Une rosette CTD a aussi été utilisée lors du second leg pour détecter la présence de panaches hydrothermaux dans la colonne d’eau et collecter des échantillons pour des analyses à bord et à terre.

Des carottiers multi-tubes ont également été utilisés pour échantillonner le sédiment au voisinage des sites actifs afin de réaliser une première étude de biodiversité à partir d’ADN environnemental.

Comment remontiez-vous les échantillons prélevés par le ROV Victor ?

Les échantillons ont été remontés par l’intermédiaire d’ascenseurs autonomes ou avec le ROV à la fin des plongées. Une attention particulière a été portée sur la stratégie d’échantillonnage des 3 principales communautés (moulières, escargotières à Alviniconcha et escargotières à Ifremeria) et la faune des cheminées, afin d’effectuer les mesures des paramètres physico-chimiques et l’échantillonnage de la faune selon les mêmes critères et nombre de réplicats sur l’ensemble des sites visités au cours des 2 legs de la campagne.

Quels sont les effets de l’exploitation minière sur les ressources hydrothermales ?

A l’heure actuelle, d’importantes lacunes de connaissance nous empêchent d’anticiper le potentiel impact de l’exploitation des ressources minières des sources hydrothermales.

La campagne visait à combler une partie de ces lacunes et à apporter des informations sur l’importance de certaines populations en tant que source potentielle vis-à-vis des autres populations à l’échelle locale ou régionale ou en tant que refuges ou de zones d’endémisme pour certaines espèces.

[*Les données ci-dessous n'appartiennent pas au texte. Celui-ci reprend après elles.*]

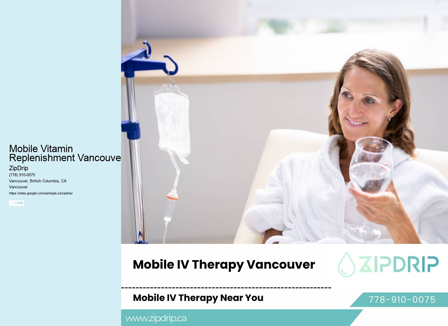 These IV drips are packed with vitamins, minerals, and antioxidants that your body needs to fight off infections and diseases. Minerals such as magnesium and calcium play their part too, helping in muscle recovery and nerve function. Vancouver, BC Imagine not having to leave your home or office to receive top-notch IV therapy. Learn more about Mobile IV Therapy Services Vancouver here. Learn more about Mobile Vitamin Replenishment Vancouver here You'll also find ZipDrip partnering with local gyms and wellness centers, providing tailored IV therapy packages to athletes and fitness enthusiasts.

Trois mois après la campagne, pouvez-vous dresser un premier bilan ?

 Le matériel et une partie des échantillons sont toujours sur le chemin du retour.

 Au cours de la campagne, nous avons échantillonné la plupart de nos espèces cibles sur les 5 zones visées, trié la plupart des échantillons faunistiques à l’échelle de l’espèce et découvert plusieurs nouveaux sites hydrothermaux actifs dont le nouveau site La Scala sur la dorsale de Woodlark.Les échantillons ont été triés à bord, et préservés pour les études au laboratoire.

Nous savons d’ores et déjà que certaines espèces ont une distribution très large, trouvées sur l’ensemble des sites échantillonnés alors que d’autres ont une distribution bien plus restreinte. Il est désormais nécessaire de savoir si ces différences sont liées à la nature hétérogène de l’environnement hydrothermal ou à la spécificité de certains traits d’histoire de vie entre les espèces recensées.